Give the lines below again, exactly as they stand, and leave out the images.

## Source data
BEGIN

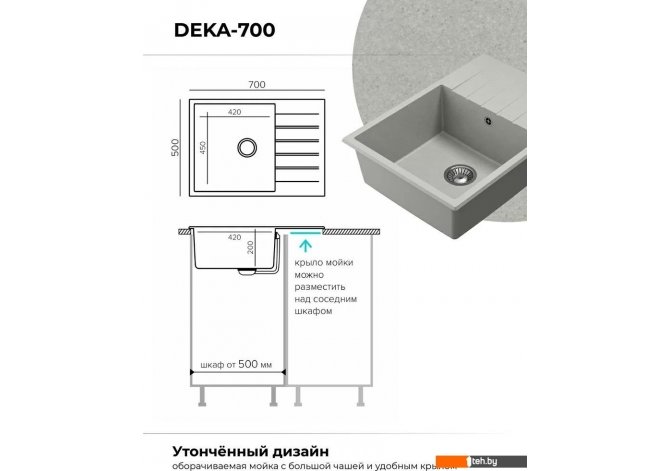 Фотографии, описание и технические характеристики модели мойки для кухни Polygran Deka 700 (серый) взяты из открытых источников, официального сайта производителя или представительства Polygran в Республике Беларусь.
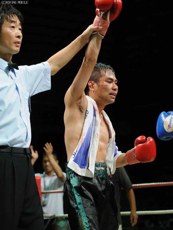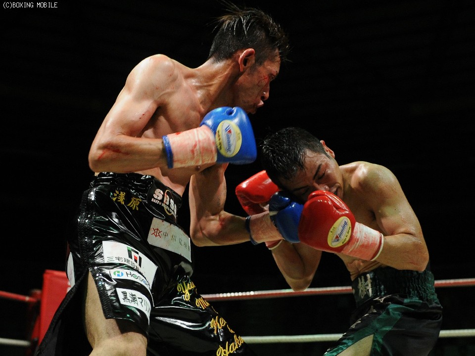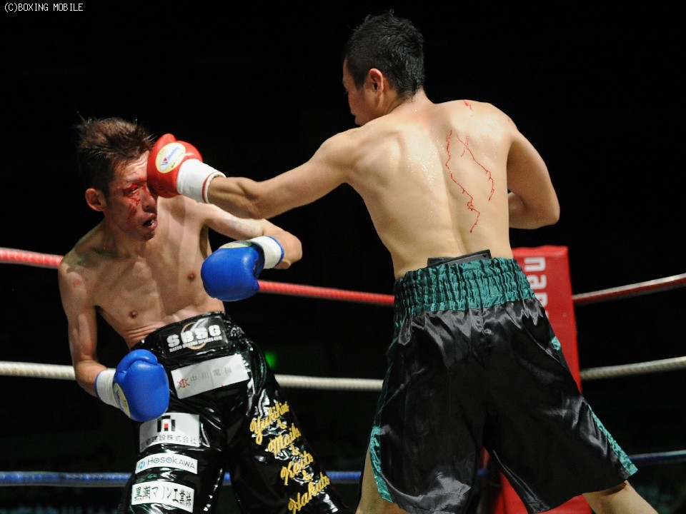 試合:左右を振るいながら前に出る小柳に対し、リーチ優位の浅原は今ひとつ攻撃のテンポが掴めず。それでも右アッパーで小柳の顔を跳ね上げ右ストレートで序盤は優勢。しかし、2発目、3発目が続かず、手数で攻める小柳にガードの時間が長くなってしまう。3Rには右アッパーで小柳を棒立ちにさせたが、小柳の手は止まらず、ヒッティングで右目上をカットするビハインド。4Rは何度もストップ寸前にまで追い込まれた浅原は、その度に打ち返す気力を見せるも中盤以降の劣勢を跳ね返せず。
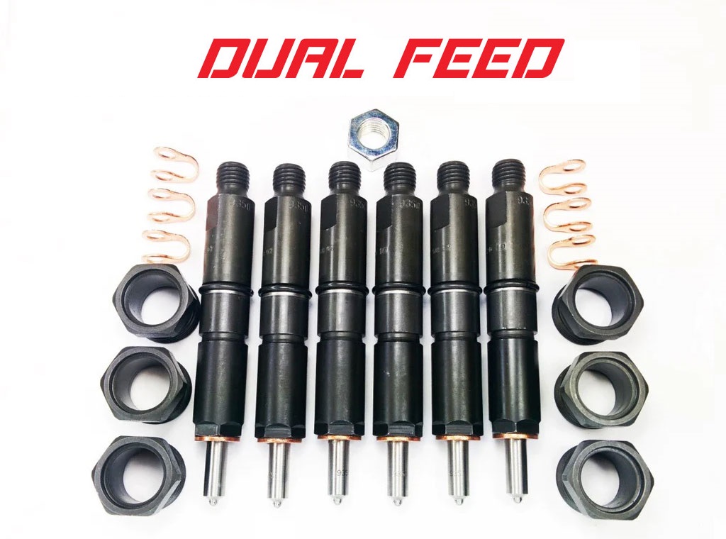 Dodge 94-98 12 Valve Injector Set: Custom built Dual Feed injector set. Our Dual Feed injectors come built with internal body modifications to match customer's intended power goals and intended use.

END

## Solved exercise
 Фотографии, описание и технические характеристики модели мойки для кухни Polygran Deka 700 (серый) взяты из открытых источников, официального сайта производителя или представительства Polygran в Республике Беларусь.
 試合:左右を振るいながら前に出る小柳に対し、リーチ優位の浅原は今ひとつ攻撃のテンポが掴めず。それでも右アッパーで小柳の顔を跳ね上げ右ストレートで序盤は優勢。しかし、2発目、3発目が続かず、手数で攻める小柳にガードの時間が長くなってしまう。3Rには右アッパーで小柳を棒立ちにさせたが、小柳の手は止まらず、ヒッティングで右目上をカットするビハインド。4Rは何度もストップ寸前にまで追い込まれた浅原は、その度に打ち返す気力を見せるも中盤以降の劣勢を跳ね返せず。
 Dodge 94-98 12 Valve Injector Set: Custom built Dual Feed injector set. Our Dual Feed injectors come built with internal body modifications to match customer's intended power goals and intended use.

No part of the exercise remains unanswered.